Even as the nation’s unemployment rate has dropped to the lowest levels seen in many years, in some parts of the U.S. it has remained difficult to find employment.

 

For anyone willing to relocate who is having a hard time landing the right job, a move to Colorado may be worthy of consideration, according to a new study from WalletHub. The financial analysis firm recently published a report, “2018’s Best & Worst States for Jobs,”and Colorado finished in second place, behind only Washington state.

 

WalletHub assembled rankings from 29 different categories to devise its ultimate scores for the 50 states. They were sorted into two main subcategories, “economic environment,” where Colorado was only 19th best, and “job market,” where Colorado finished first.

 

"Some of the main factors that contributed to this ranking are the unemployment rate [at 2.8 percent], which is the lowest in the country, as well as the highest marks for job security,” WalletHub analyst Jill Gonzalez said. “The presence of work share programs and the fact that the state has non-discrimination laws and policies regarding sexual orientation and gender identity also help."

 

 

 

Other high marks for Colorado included:

  • 2nd in job opportunities

  • 4th in employment growth

  • 7th in underemployment rank

  • 5th in median annual income

  • 5th in monthly average starting salary

It wasn’t all good news for the state. Some of the weaker showings included a 31st place for share of part-time employees, 32nd in average length of work week, and 31st in average commute time.

 

Among Colorado’s neighbors, Utah was fourth overall, Nebraska 11th, Kansas 22nd, Oklahoma 39th, Wyoming 41st and New Mexico 43rd.

 

When Colorado released its quarterly economic and revenue forecast recently, Democratic Gov. John Hickenlooper suggested that the state might have the healthiest economy in the nation.

 

“The entrepreneurs, executives, and indeed the entire workforce in our state have helped make Colorado one of the strongest, if not THE strongest, economy in the country,” Hickenlooper said. “While it’s great to see potential revenue growth, we need to remain vigilant and cautious to safeguard the inevitable future downturn.”

 

The forecast noted that the state is still seeing strong employment growth, but the lack of workers could begin to drag on the state’s economy.

 

“Colorado’s economy continues to experience solid growth with expectations of ongoing expansion,” the forecast said. “Business confidence remains positive, while oil production remains near record levels. Colorado employment growth has accelerated moderately, highlighted by increases in the labor force participation rate and average hourly wages. Economic growth has been widespread across most industries. However, continued tight labor markets and rising home prices are expected to constrain growth throughout the forecast period.”

 

WalletHub reached out to experts in the field of employment to provide more context to their findings.
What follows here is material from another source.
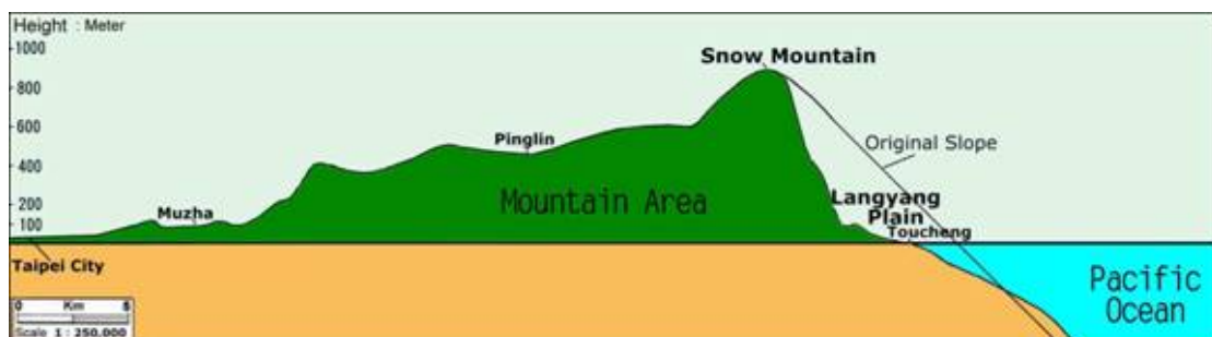
Figure 3. The profile from Taipei city to Toucheng around Pei-I Highway denotes maybe a landslide of Snow Mountain. The original eastern slope may be symmetric to the western slope.

When driving a car from Taipei City toward Ilan City through Pei-I Highway, we must climb the slope over 50 kilometers of straight distance across the western area of Snow Mountain to the ridge. When reaching the point of the ridge, we can see the whole landscape that presents Lanyang Plain just beneath our feet. Here we find a sudden drop of about 600 meters. In order to reach Lanyang Plain, we must negotiate 9 sharp bends and 18 changes of direction. The terrain features are not as symmetric as the western area of the mountain, so we may imagine that the eastern flank of the mountain has been cut out by a natural event a long time ago (Fig. 3). What is the natural event? We must understand the characteristics of northern Snow Mountain.

They asked Bruce Sacerdote, a professor of economics at Dartmouth College, what the government could do to encourage manufacturing growth in the years to come.

 

“The corporate tax cuts are a sensible way to stimulate business investment,” Sacerdote said. “But the onshoring of manufacturing will look quite different than the manufacturing jobs that left. Coal mining is also heavily subject to substitution of sophisticated capital equipment to save labor. But given the greener and cleaner ways to produce energy [including fracked natural gas], perhaps we should not have policies to encourage additional coal production.”

 

Sacerdote also suggested that there was no particular reason to expect that the strong growth in jobs in Colorado and nationwide is necessarily going to come to an end in the near term.

“Expansions do not die of old age,” he said. “There is still ample room for labor force participation to grow. I am looking forward to at least another couple of years of robust job growth, but my random guess is no better than anyone else's.”